*Information shown*:
↓↓↓
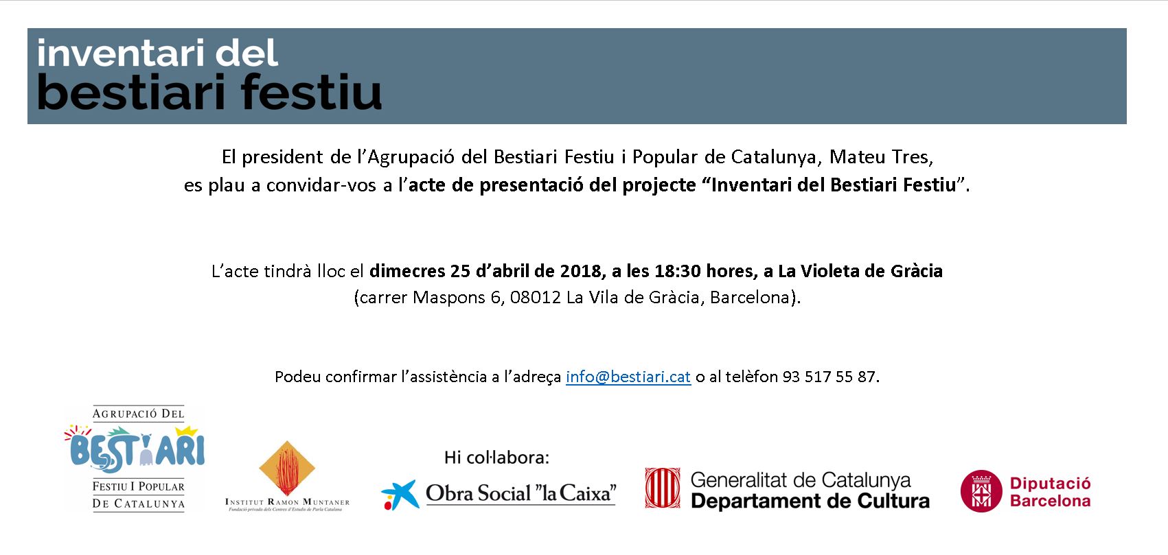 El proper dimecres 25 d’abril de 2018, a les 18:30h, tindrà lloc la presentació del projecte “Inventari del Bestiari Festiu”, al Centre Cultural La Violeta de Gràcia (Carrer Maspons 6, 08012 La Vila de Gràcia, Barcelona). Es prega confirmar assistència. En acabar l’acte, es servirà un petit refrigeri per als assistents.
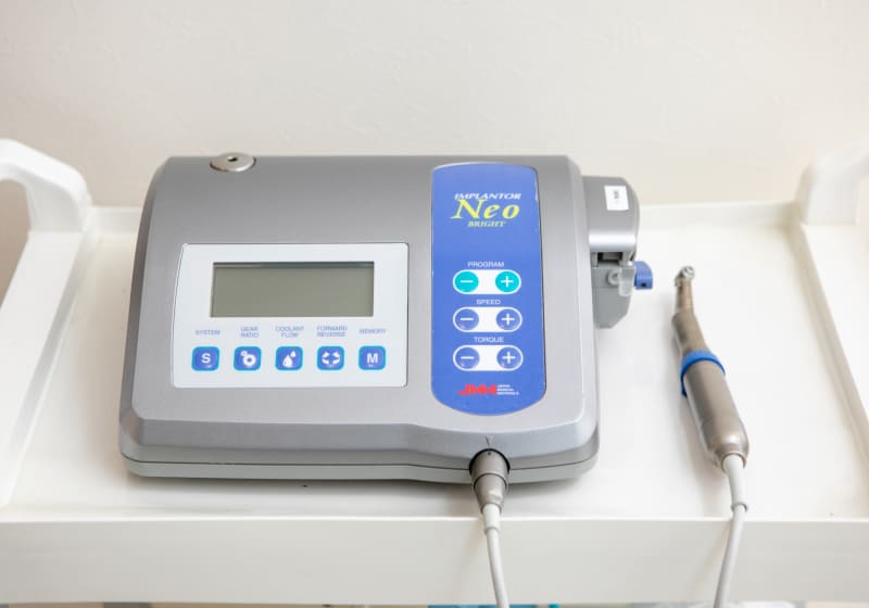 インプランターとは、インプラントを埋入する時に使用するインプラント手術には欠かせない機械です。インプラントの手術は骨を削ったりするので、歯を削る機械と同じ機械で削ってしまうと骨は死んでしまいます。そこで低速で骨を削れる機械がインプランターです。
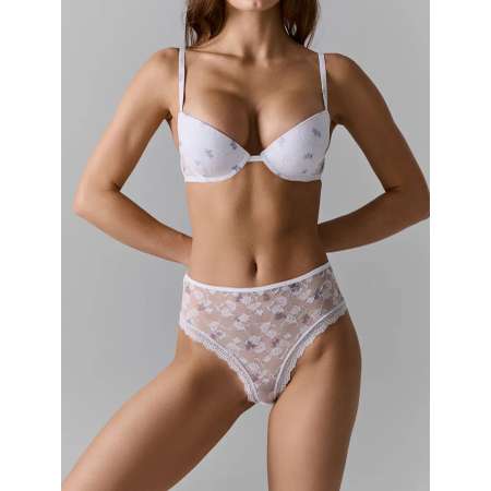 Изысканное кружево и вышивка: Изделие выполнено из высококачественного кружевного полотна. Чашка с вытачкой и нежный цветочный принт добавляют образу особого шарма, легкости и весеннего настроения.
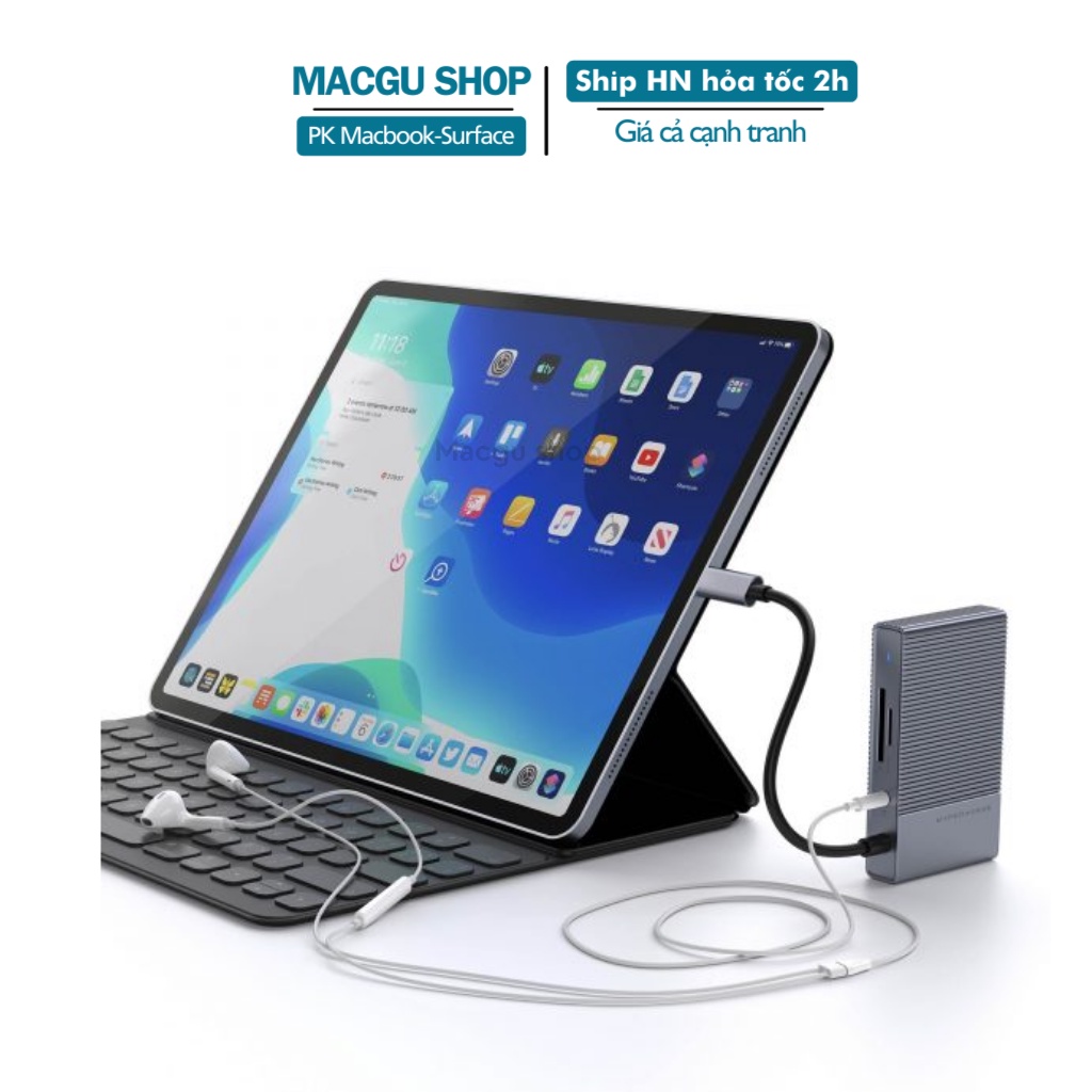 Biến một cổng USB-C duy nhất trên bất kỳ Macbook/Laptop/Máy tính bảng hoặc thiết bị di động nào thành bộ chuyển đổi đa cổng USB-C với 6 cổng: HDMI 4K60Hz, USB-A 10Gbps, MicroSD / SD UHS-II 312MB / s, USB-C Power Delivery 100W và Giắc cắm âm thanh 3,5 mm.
↑↑↑
*Work instructions*: Omit the pictures and give the material again, exactly and in full.

*Solution for this problem*:
 El proper dimecres 25 d’abril de 2018, a les 18:30h, tindrà lloc la presentació del projecte “Inventari del Bestiari Festiu”, al Centre Cultural La Violeta de Gràcia (Carrer Maspons 6, 08012 La Vila de Gràcia, Barcelona). Es prega confirmar assistència. En acabar l’acte, es servirà un petit refrigeri per als assistents.
 インプランターとは、インプラントを埋入する時に使用するインプラント手術には欠かせない機械です。インプラントの手術は骨を削ったりするので、歯を削る機械と同じ機械で削ってしまうと骨は死んでしまいます。そこで低速で骨を削れる機械がインプランターです。
 Изысканное кружево и вышивка: Изделие выполнено из высококачественного кружевного полотна. Чашка с вытачкой и нежный цветочный принт добавляют образу особого шарма, легкости и весеннего настроения.
 Biến một cổng USB-C duy nhất trên bất kỳ Macbook/Laptop/Máy tính bảng hoặc thiết bị di động nào thành bộ chuyển đổi đa cổng USB-C với 6 cổng: HDMI 4K60Hz, USB-A 10Gbps, MicroSD / SD UHS-II 312MB / s, USB-C Power Delivery 100W và Giắc cắm âm thanh 3,5 mm.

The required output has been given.